I believe the exaggerated S sound is from using the sustain pedal.


----------



## jaketanner (Jan 1, 2021)

Trash Panda said:


> I believe the exaggerated S sound is from using the sustain pedal.


Over use of the pedal just seems to give the library a limited sound. If I were to just go based off the demos on the site, I would not even consider it. There is also no place on the PS site to even see the syllables within the library. Very strange...but the sound is very good at least.


----------



## Trash Panda (Jan 1, 2021)

jaketanner said:


> Over use of the pedal just seems to give the library a limited sound. If I were to just go based off the demos on the site, I would not even consider it. There is also no place on the PS site to even see the syllables within the library. Very strange...but the sound is very good at least.


It’s kinda the point to not have the syllables be a focus. I think Jasper included the keyswitches for those who just MUST have control over the syllables. Honestly I’ve never needed them because I fall into the category of hearing this when choirs sing in orchestral pieces.


----------



## jaketanner (Jan 1, 2021)

Trash Panda said:


> It’s kinda the point to not have the syllables be a focus. I think Jasper included the keyswitches for those who just MUST have control over the syllables. Honestly I’ve never needed them because I fall into the category of hearing this when choirs sing in orchestral pieces.

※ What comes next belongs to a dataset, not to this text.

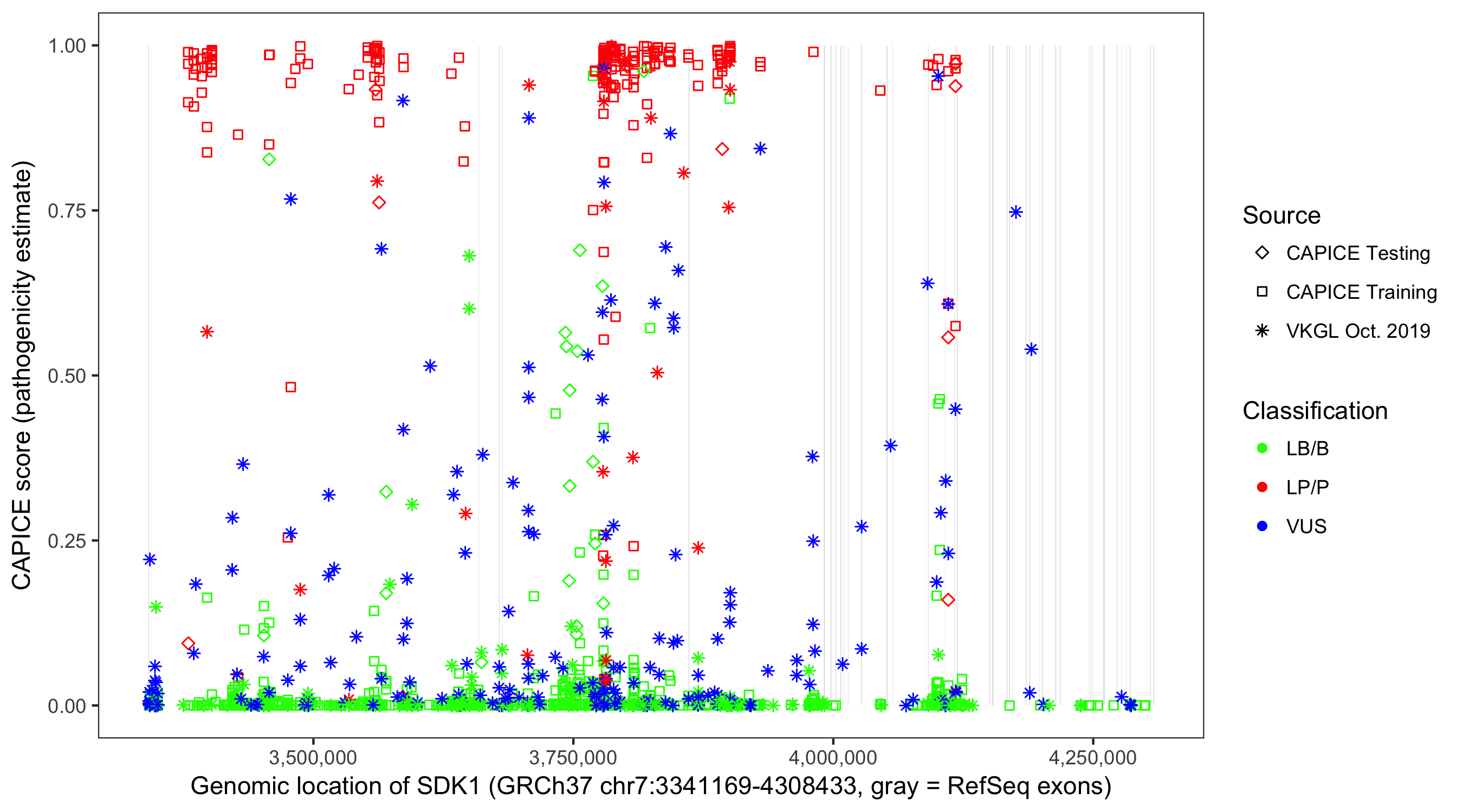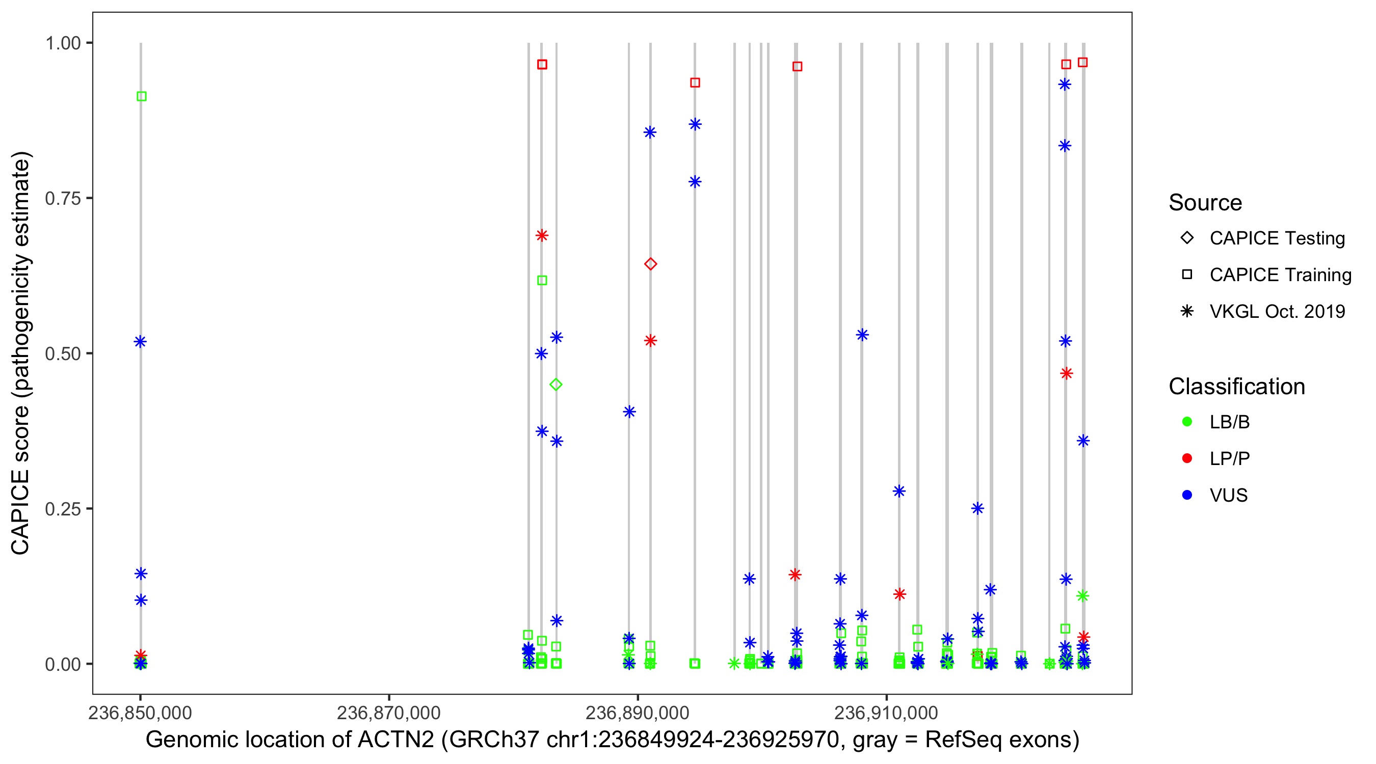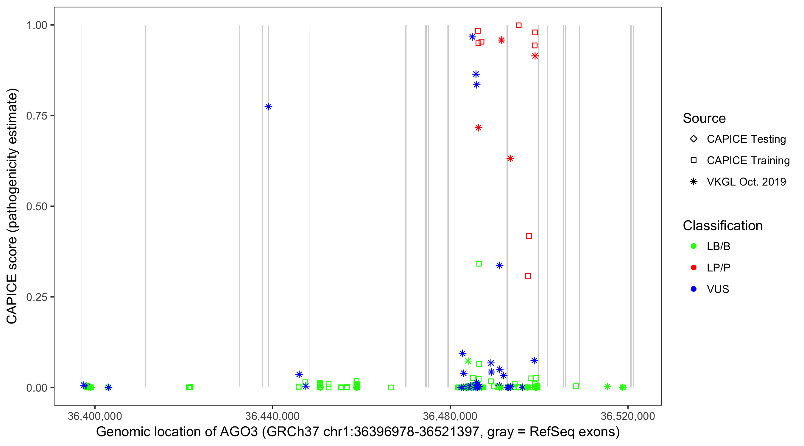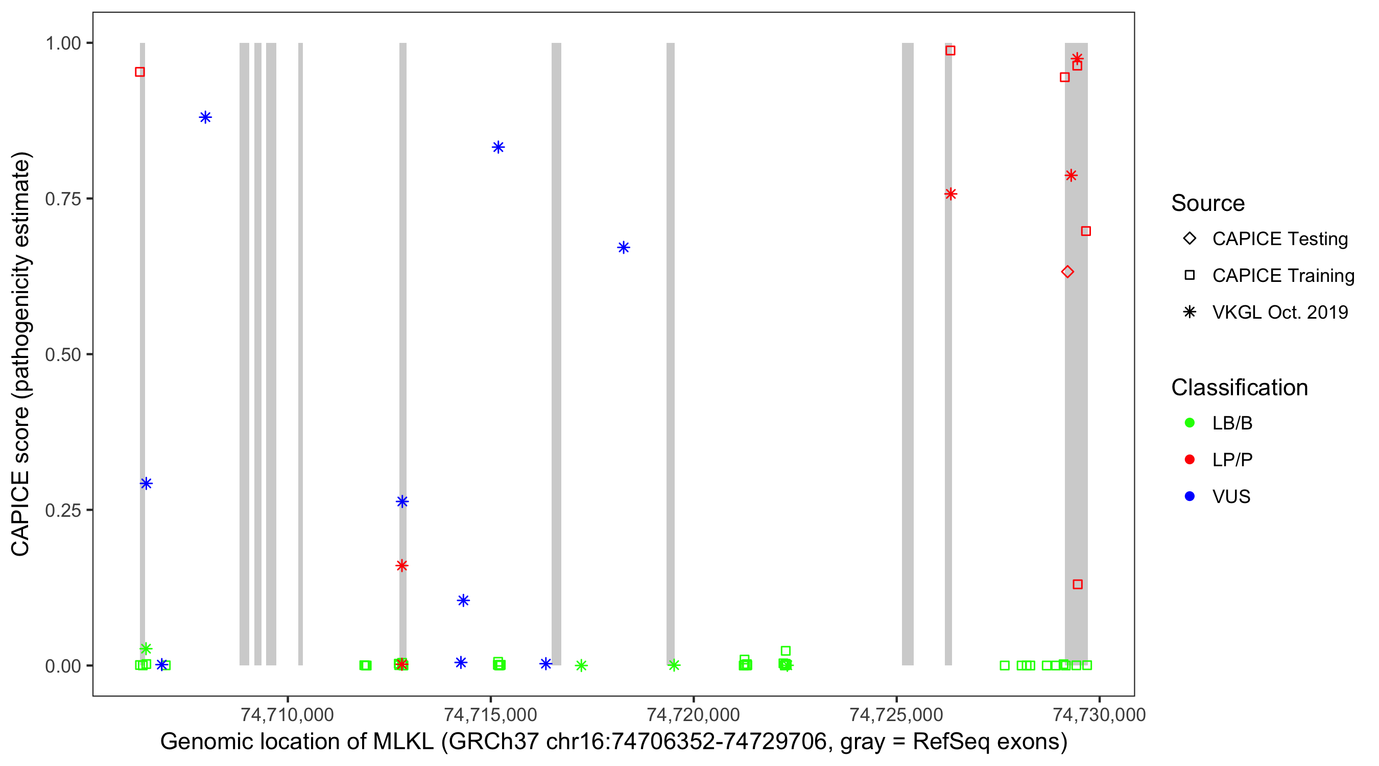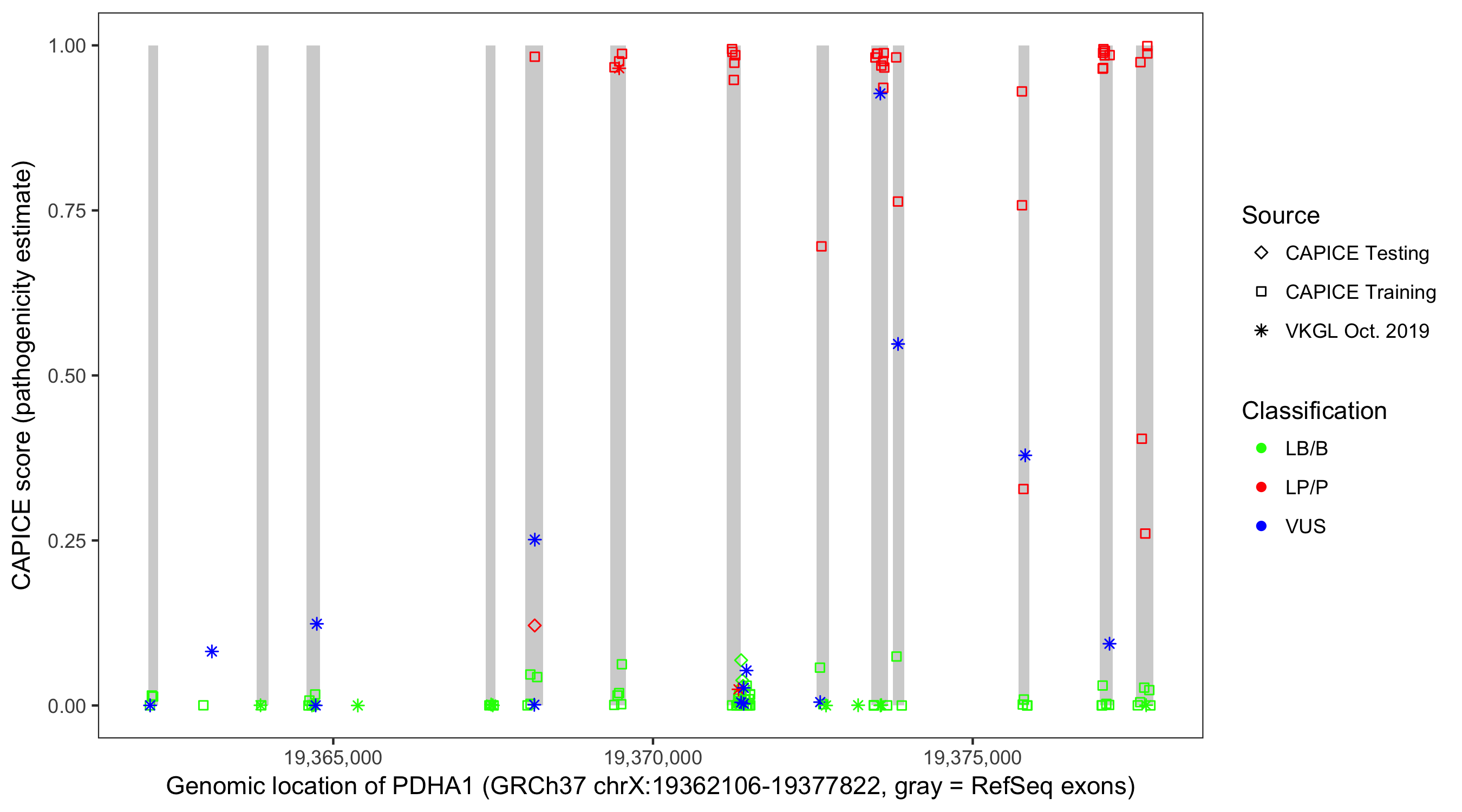 Shown are CAPICE train/test variants plus VKGL Oct 2019.

I've heard that one before...and the live performance of this, has mostly consonants...although the "s" are pronounced, it's not over bearing. I would love for a library to incorporate the Sankrit syllables and vowels...seems to work better in darker moodier music.


----------



## jaketanner (Jan 1, 2021)

So I'm listening to Dominus again...(not pro), and I think it's a winner...so wondering if anyone has ever tried to combine choir libraries to form words that aren't possible with just one. I have Lacrimosa, and Insolidus as adult choirs...wondering if I add Dominus if they might blend well to create different words. Certainly worth a shot i think.


----------



## jcrosby (Jan 1, 2021)

jaketanner said:


> So I'm listening to Dominus again...(not pro), and I think it's a winner...so wondering if anyone has ever tried to combine choir libraries to form words that aren't possible with just one. I have Lacrimosa, and Insolidus as adult choirs...wondering if I add Dominus if they might blend well to create different words. Certainly worth a shot i think.


This is actually why I got roped into this post in the 1st place  (Not Dominus, but libraries with enough syllables to build some basic latin words.) I've never found a library with a set of syllables that didn't sound awkward when attempting to piece words together from them.

I think we're at a place with sampling technology where this nut could finally be cracked, but so far I haven't found a library that does it without it sounding disconnected and unnatural. However I don't have a ton of choir libraries so it's quite possible there are a few that actually pull it off well now... I'd be surprised if there wasn't... 

But the libraries that are getting up there in age, like Requiem, have never worked well for me when I have tried piecing together basic words which is why I prefer a library with fewer syllables that focus on smooth transitions that don't leap out of a mix at you...


----------



## jaketanner (Jan 1, 2021)

jcrosby said:


> This is actually why I got roped into this post in the 1st place  (Not Dominus, but libraries with enough syllables to build some basic latin words.) I've never found a library with a set of syllables that didn't sound awkward when attempting to piece words together from them.
> 
> I think we're at a place with sampling technology where this nut could finally be cracked, but so far I haven't found a library that does it without it sounding disconnected and unnatural. However I don't have a ton of choir libraries so it's quite possible there are a few that actually pull it off well now... I'd be surprised if there wasn't...
> 
> But the libraries that are getting up there in age, like Requiem, have never worked well for me when I have tried piecing together basic words which is why I prefer a library with fewer syllables that focus on smooth transitions that don't leap out of a mix at you...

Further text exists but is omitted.